As the AAIB report states, for the BA038 flight the minimum fuel temperature was in the bottom 0.2% of recorded temperatures. So if the system has a problem it may have taken this long for it to show up. It seems that the Delta flight came also from China but I haven't seen a temperature profile to be able to tell if it sits in the same family. Has it been an excessively cold period over these routes?




AIRFOILMOD
"The Problem isn't Ice, it's water. "In Spec." Fuel has it and at very low temps it takes shape as granular microscopic particles. As such, it does no harm. At Cruise, in VERY low temp. over many hours, the ice melts and refreezes in the FOHE.

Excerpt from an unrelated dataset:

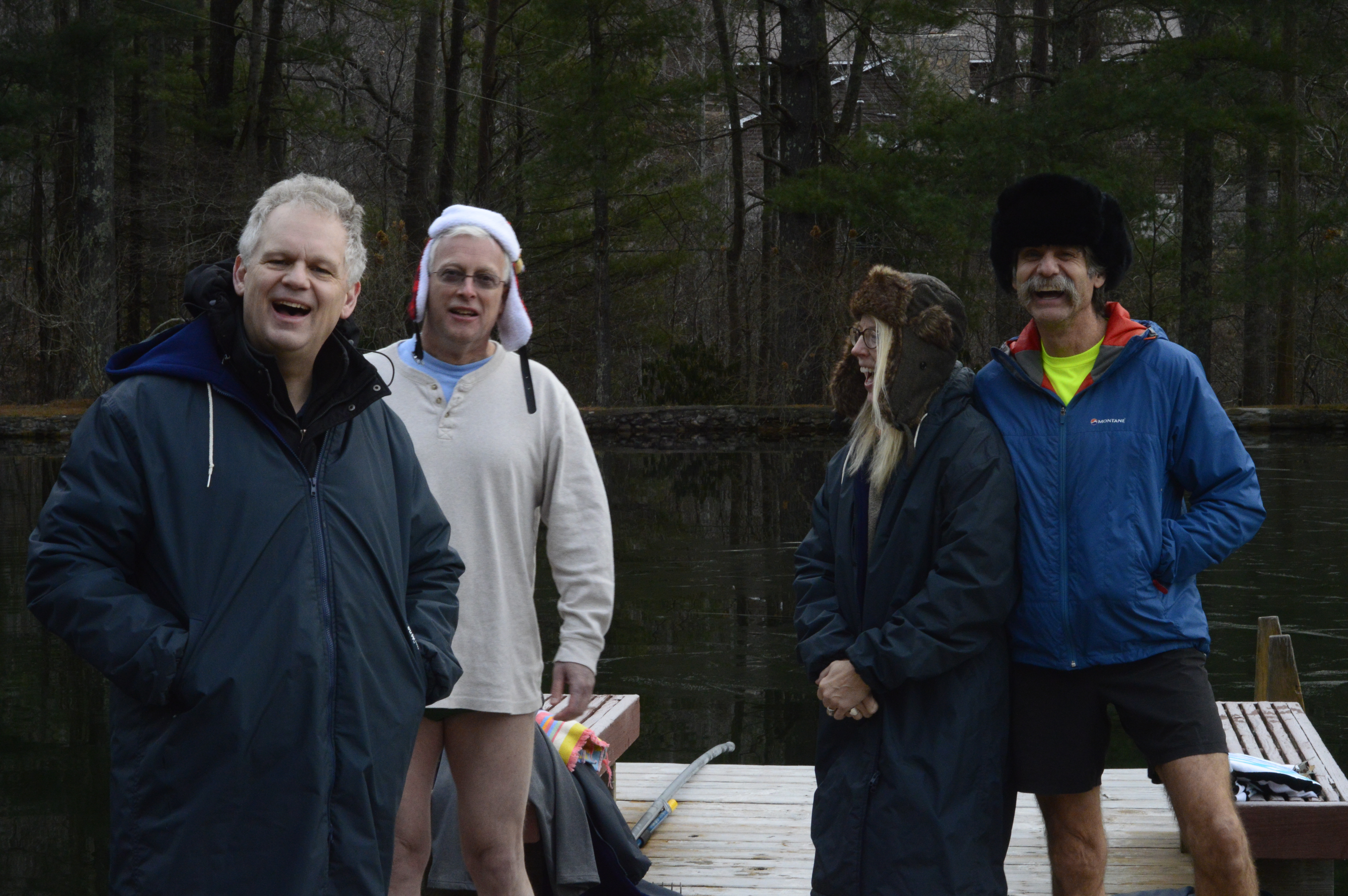 New Year’s Day morning found Asheville Masters Swimmers Jeff Weller, Lecky Haller and Andrew Pulsifer braving 24F air and 32F water temps at Bull Creek Pond in Riceville. Notice the layer of ICE on surface!
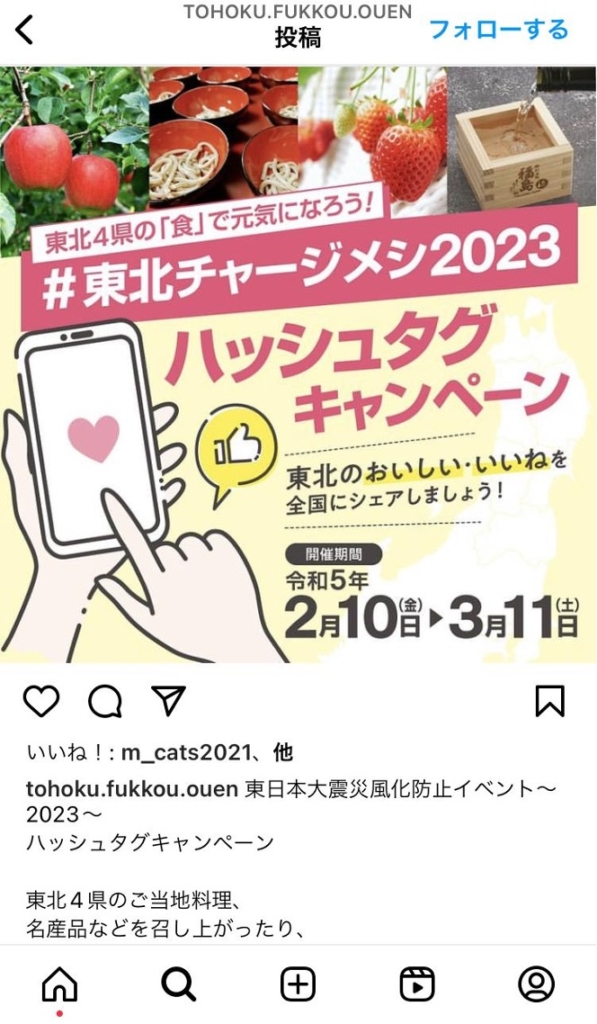 ・ハッシュタグキャンペーン開催中の旨と、付けてほしいハッシュタグが分かるようなフィードやInstagramストーリーズを投稿する

There is no evidence that the the the freezing took place at the FOHE. I think think most now agree that ice formed upstream and was released in a relatively large quantity to the engine. The FOHE is then a likely place for the ice to stick. As the reports state testing has shown that the FOHE will block with sufficient quantities of ice.


It may therefore be prudent to improve the FOHE's handling of large quantities of ice, if Boeing cannot prevent this from occurring, but will it be enough to prevent further events? As for who should be liable for the mod and subsequent rollover. In these events it seems the engine is being supplied with fuel containing a quantity of ice it wasn't certified to live with. This would suggest an aircraft issue but I suspect RR/Boeing will jointly foot the bill.



Last edited by spilko; 14th March 2009 at 09:38.